Emergy Sustainability and Its Indicators

Unlike classical energy and economic analyses that only consider items that can be quantified in energy or money terms, thus omitting most free inputs from the environment, emergy analysis is a thermodynamic methodology which considers both the economic and environmental aspects of a system by converting all inputs, flows, and outputs to the common denominator of solar energy, the basic energy behind all the processes of the biosphere.

This is a primary factor because, although the market only considers monetary value, the economy is also based on quantities from the environment, which must be considered and assigned a value, if resources are to be exploited sustainably in the long period.

Emergy analysis is useful to check applications of Herman Daly's first rule of sustainable development, the so-called sustainable yield principle, that states that resources should be exploited at a rate compatible with their replacement by nature. It can be used to define guidelines for consumption of resources compatible with their formation times.

Emergy can be regarded as the solar energy necessary to sustain a system; the greater the total emergy flow necessary for obtaining a product, the greater the consumption of solar energy necessary for its re-formation once it has been used, and thus the greater the past and the present environmental cost to maintain it.

The intensive use of the services and products of an ecosystem can degrade its structures and functions, decreasing the capacity of the ecosystem to self-organize efficiently. In order to facilitate the measurement of a system's sustainability, some emergy indicators were introduced.

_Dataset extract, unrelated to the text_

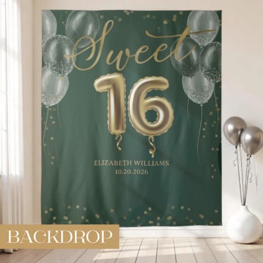 Emerald Green Gold Foil Sweet 16 Bday BalloonsDesignad av CaMi Designs
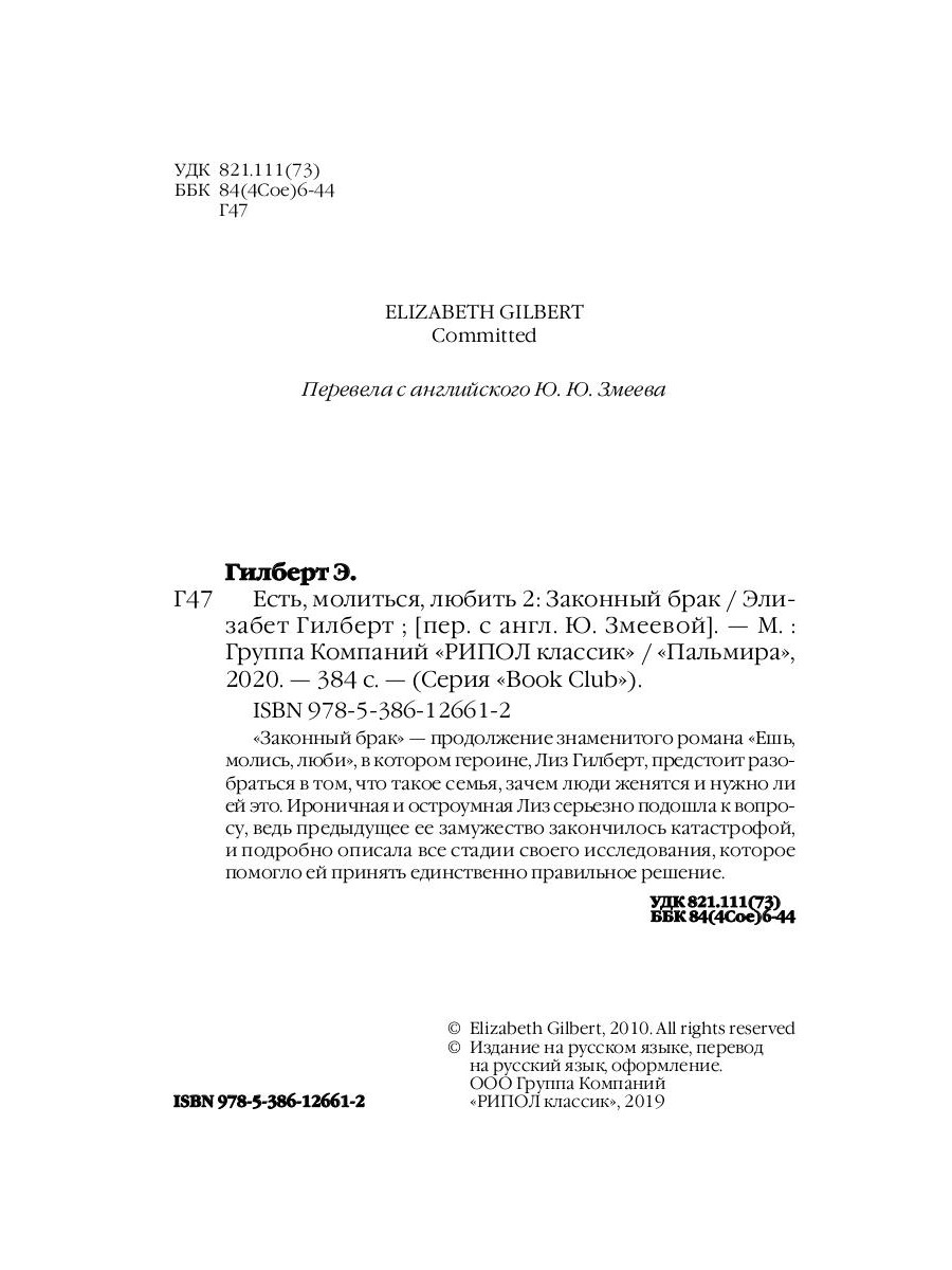 Аннотация: Есть, молиться, любить 2. Законный брак

To explain them a simple model of a system is shown in Figure 4. Emergy flows to the system are divided into the main categories as given in the following:

• local renewable resources (R);

• local nonrenewable resources (N);

• feedback (F): purchased resources and services from outside system; and

• the yield (Y): the output of the system ('virtual' in the case of territory).

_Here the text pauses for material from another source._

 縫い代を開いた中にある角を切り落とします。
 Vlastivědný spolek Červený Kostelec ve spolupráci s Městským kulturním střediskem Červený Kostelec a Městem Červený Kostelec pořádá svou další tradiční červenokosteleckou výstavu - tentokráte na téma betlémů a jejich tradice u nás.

These flows can be combined to obtain a set of indicators; here are most common ones.

1. Emergy yield ratio (EYR) is the ratio of the output of a system (Y) to the feedbacks from outside (F). Therefore, it is the ratio of total emergy to the nonrenewable, economic inputs. Considering that the total emergy is the sum of all local and external emergy inputs, the higher the ratio, the higher is the relative contribution of the local sources of emergy to the system. This index therefore shows the ability of a system to use the available local resources. Generally, EYR values less than 5 are typical of secondary energy sources and primary materials (e.g., cement and still), whereas values greater than 5 are shown by primary energy sources. In the case of processes that give products with EYR values less than 2, the processes

Plan Chantournage Gratuit
Figure 4 Energy system diagram of a generic system.

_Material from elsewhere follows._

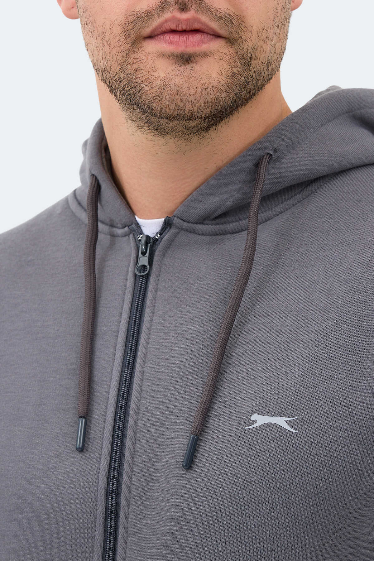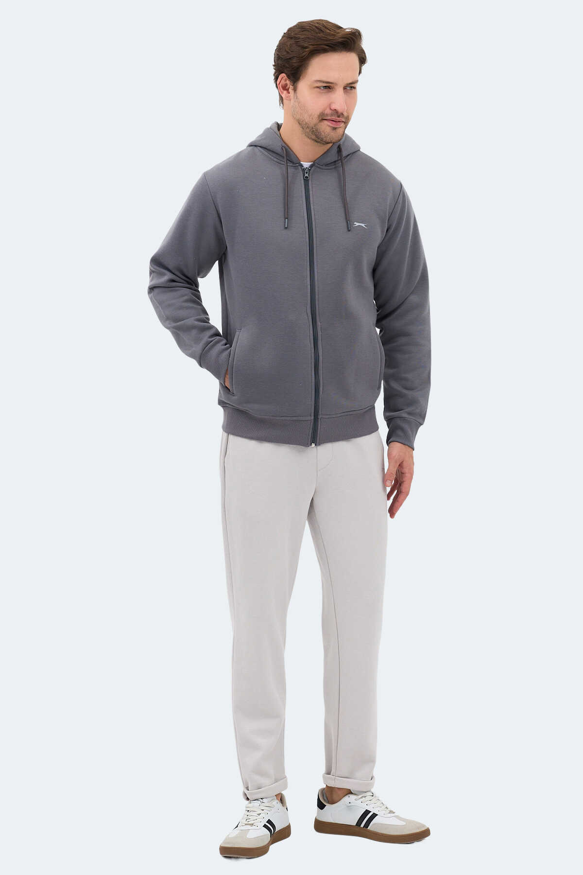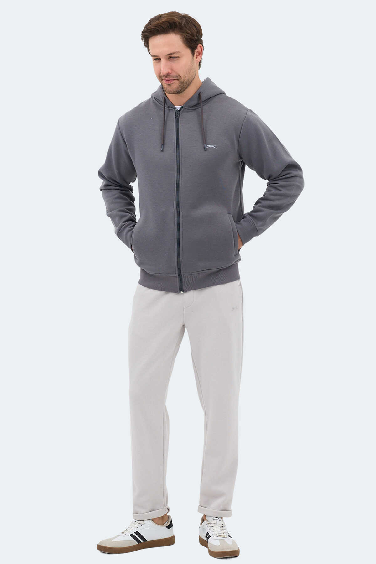 Slazenger MAJESTIC I Erkek Fermuarlı Kapüşonlu Cepli Gri Sweatshırt

are not considered an energy source but rather a consumer or a transformation process:

2. The environmental loading ratio (ELR) is the ratio of renewable to nonrenewable emergy use inside a system. It is a measure of the renewability of a production system or a system state. The higher the ratio, the lower the system's sustainability. A high ratio suggests a high technological level of emergy use and/or a high level of environmental stress (either local or global). It sounds an alarm-bell of nonequilibrium which could become irreversible for a state or a production system:

3. Emergy money ratio is the ratio of emergy use in a country (or a region) to its gross national product. It measures how much emergy is associated with the economic wealth of a state. The emergy money ratio provides a link between emergy evaluation and economics. The use of emergy with traditional economic evaluation methods can provide additional information to guide human activities, as in planning land use or designing production processes. This tool has a twofold function: (1) it provides information about systems, for example, comparison of national economies with different emergy flows and GDP, or evaluation of the trend of an economic system in time; (2) it can be used as a conversion factor for further emergy evaluations when monetary parameters must be converted into emergy and vice versa:

where U is the total emergy used in a territorial system (U — R + N + F).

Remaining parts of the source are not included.